Although cyberspace has become a central element of all vital processes in the global economy and in people’s social lives, it also carries a wide variety of risks. Framing these risks is no easy task: some cause damage in cyberspace itself, while others cause damage in the offline world as well.

Moreover, sometimes the damage is intentional, while other times it may be the result of accidents. The “cyber damage model” brings together these challenges and offers the opportunity to gain a comprehensive overview of different types of cyberspace-related incidents.

Cyber crises also bring with them a number of specific challenges for leadership, especially in terms of sense-making, decision-making, termination and learning.

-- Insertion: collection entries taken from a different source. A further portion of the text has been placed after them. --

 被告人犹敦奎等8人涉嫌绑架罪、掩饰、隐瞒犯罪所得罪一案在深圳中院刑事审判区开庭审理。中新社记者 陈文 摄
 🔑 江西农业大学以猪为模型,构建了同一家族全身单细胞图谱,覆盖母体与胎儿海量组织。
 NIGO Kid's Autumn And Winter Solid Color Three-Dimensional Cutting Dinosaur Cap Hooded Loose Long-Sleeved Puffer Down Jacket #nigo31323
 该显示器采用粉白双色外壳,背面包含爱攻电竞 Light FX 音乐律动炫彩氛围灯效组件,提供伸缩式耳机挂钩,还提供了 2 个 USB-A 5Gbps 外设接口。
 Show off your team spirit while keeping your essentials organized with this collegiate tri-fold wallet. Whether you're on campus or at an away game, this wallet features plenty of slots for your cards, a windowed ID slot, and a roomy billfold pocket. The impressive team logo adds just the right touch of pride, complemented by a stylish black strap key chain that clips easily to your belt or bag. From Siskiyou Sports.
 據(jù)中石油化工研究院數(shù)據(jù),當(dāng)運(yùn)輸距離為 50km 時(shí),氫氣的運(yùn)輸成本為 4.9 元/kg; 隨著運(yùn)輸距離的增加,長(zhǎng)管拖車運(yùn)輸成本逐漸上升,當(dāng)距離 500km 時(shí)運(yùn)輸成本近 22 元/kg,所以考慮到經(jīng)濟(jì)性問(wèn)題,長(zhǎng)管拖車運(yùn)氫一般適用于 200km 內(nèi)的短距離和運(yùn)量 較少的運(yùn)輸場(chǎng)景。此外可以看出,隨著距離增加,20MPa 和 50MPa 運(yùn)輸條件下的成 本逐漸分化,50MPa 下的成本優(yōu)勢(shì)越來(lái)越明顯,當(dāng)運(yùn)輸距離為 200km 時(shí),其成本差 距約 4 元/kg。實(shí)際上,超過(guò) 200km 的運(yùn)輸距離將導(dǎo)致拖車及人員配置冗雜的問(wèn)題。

Leading without a cyber strategy is like playing a game of whack-a-mole: as soon as one incident is squashed, another one pops up.

Cybersecurity strategies aimed at meeting the grand challenges are characterised by a holistic, cross-cutting and comprehensive approach as a catalyst for added value from governance, risk and compliance frameworks. Including the establishment of axes, principles, structures and practices necessary for their design, construction, implementation, monitoring and improvement, from the strategic to the tactical and operational level, resulting in emerging and disruptive innovation.

It is important to rethink and refocus cybersecurity when establishing a cyber strategy, giving scope in its spectrum to cover preparations and precautions taken against cyber crimes, cyber wars, cyber attacks, cyber incidents and cyber threats from the cyber surface.

More than ever, there are many positives. We have come a long way in a short time and we are doing a good job, but the key is not to settle, it is to reaffirm the commitment to do better, as our adversary comes with new skills.